> What needs to be done
Wherever a picture sits, omit it. Output the rest of the listing exactly.

> Supplied material

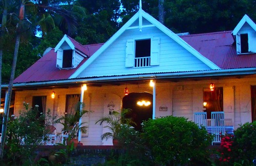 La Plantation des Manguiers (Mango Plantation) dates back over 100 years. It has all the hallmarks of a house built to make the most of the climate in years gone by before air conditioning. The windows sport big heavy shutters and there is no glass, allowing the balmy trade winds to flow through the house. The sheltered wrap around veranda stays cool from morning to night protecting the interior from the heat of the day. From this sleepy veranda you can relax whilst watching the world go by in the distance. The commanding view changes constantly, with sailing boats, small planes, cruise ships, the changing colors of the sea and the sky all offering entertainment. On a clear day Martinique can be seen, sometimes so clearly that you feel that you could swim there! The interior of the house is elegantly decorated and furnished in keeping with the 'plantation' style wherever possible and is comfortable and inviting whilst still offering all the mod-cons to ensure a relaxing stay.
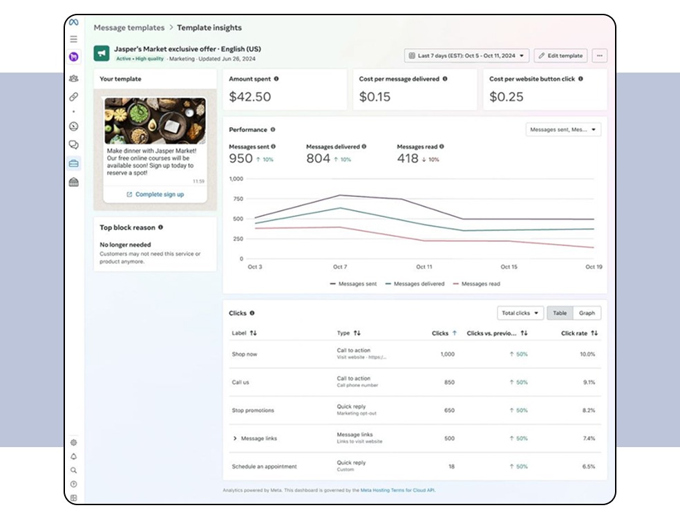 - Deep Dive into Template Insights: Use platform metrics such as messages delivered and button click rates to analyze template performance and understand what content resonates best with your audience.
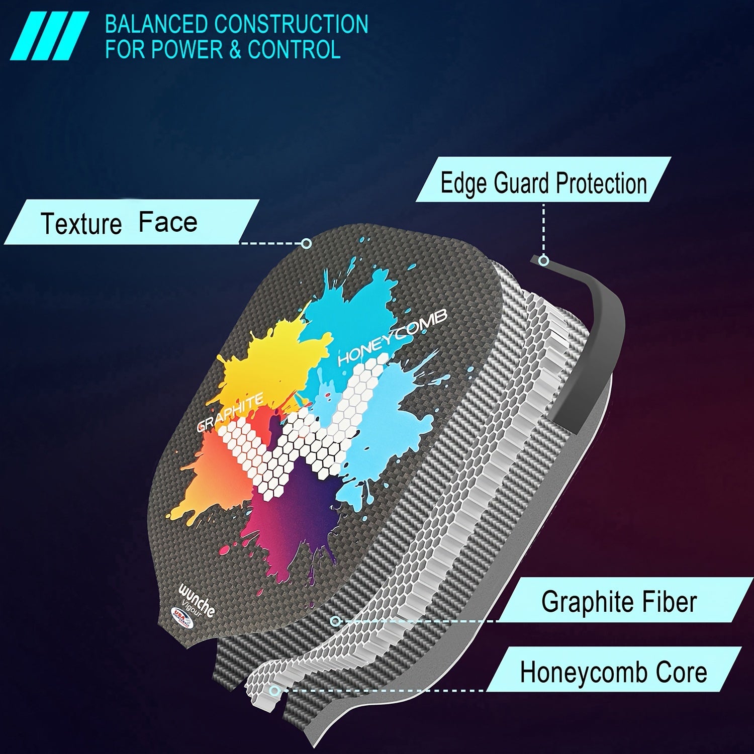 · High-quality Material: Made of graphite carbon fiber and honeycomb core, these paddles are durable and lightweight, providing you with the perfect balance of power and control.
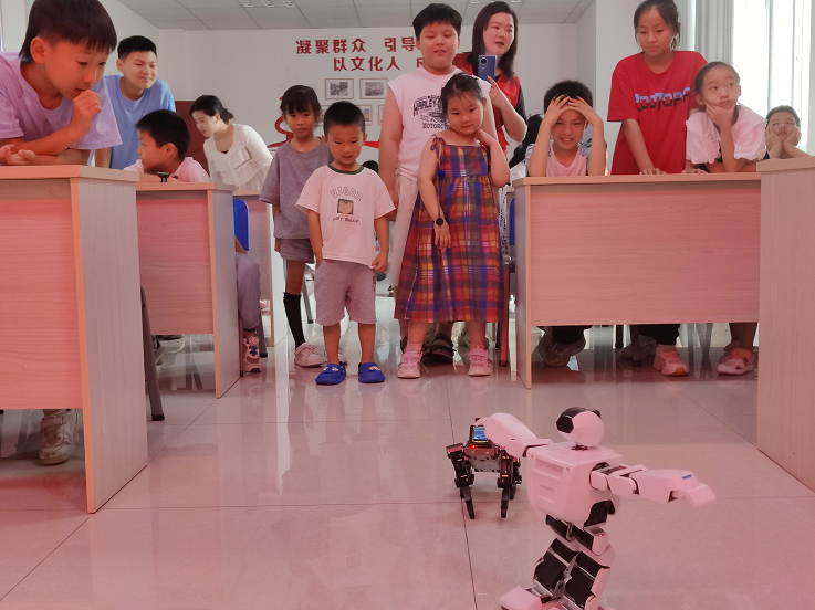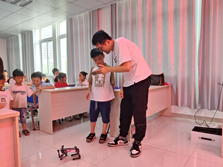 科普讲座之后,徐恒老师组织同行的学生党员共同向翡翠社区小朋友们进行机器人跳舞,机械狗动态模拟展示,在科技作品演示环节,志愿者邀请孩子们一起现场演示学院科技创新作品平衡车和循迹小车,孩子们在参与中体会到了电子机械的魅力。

> Exercise solution
 La Plantation des Manguiers (Mango Plantation) dates back over 100 years. It has all the hallmarks of a house built to make the most of the climate in years gone by before air conditioning. The windows sport big heavy shutters and there is no glass, allowing the balmy trade winds to flow through the house. The sheltered wrap around veranda stays cool from morning to night protecting the interior from the heat of the day. From this sleepy veranda you can relax whilst watching the world go by in the distance. The commanding view changes constantly, with sailing boats, small planes, cruise ships, the changing colors of the sea and the sky all offering entertainment. On a clear day Martinique can be seen, sometimes so clearly that you feel that you could swim there! The interior of the house is elegantly decorated and furnished in keeping with the 'plantation' style wherever possible and is comfortable and inviting whilst still offering all the mod-cons to ensure a relaxing stay.
 - Deep Dive into Template Insights: Use platform metrics such as messages delivered and button click rates to analyze template performance and understand what content resonates best with your audience.
 · High-quality Material: Made of graphite carbon fiber and honeycomb core, these paddles are durable and lightweight, providing you with the perfect balance of power and control.
 科普讲座之后,徐恒老师组织同行的学生党员共同向翡翠社区小朋友们进行机器人跳舞,机械狗动态模拟展示,在科技作品演示环节,志愿者邀请孩子们一起现场演示学院科技创新作品平衡车和循迹小车,孩子们在参与中体会到了电子机械的魅力。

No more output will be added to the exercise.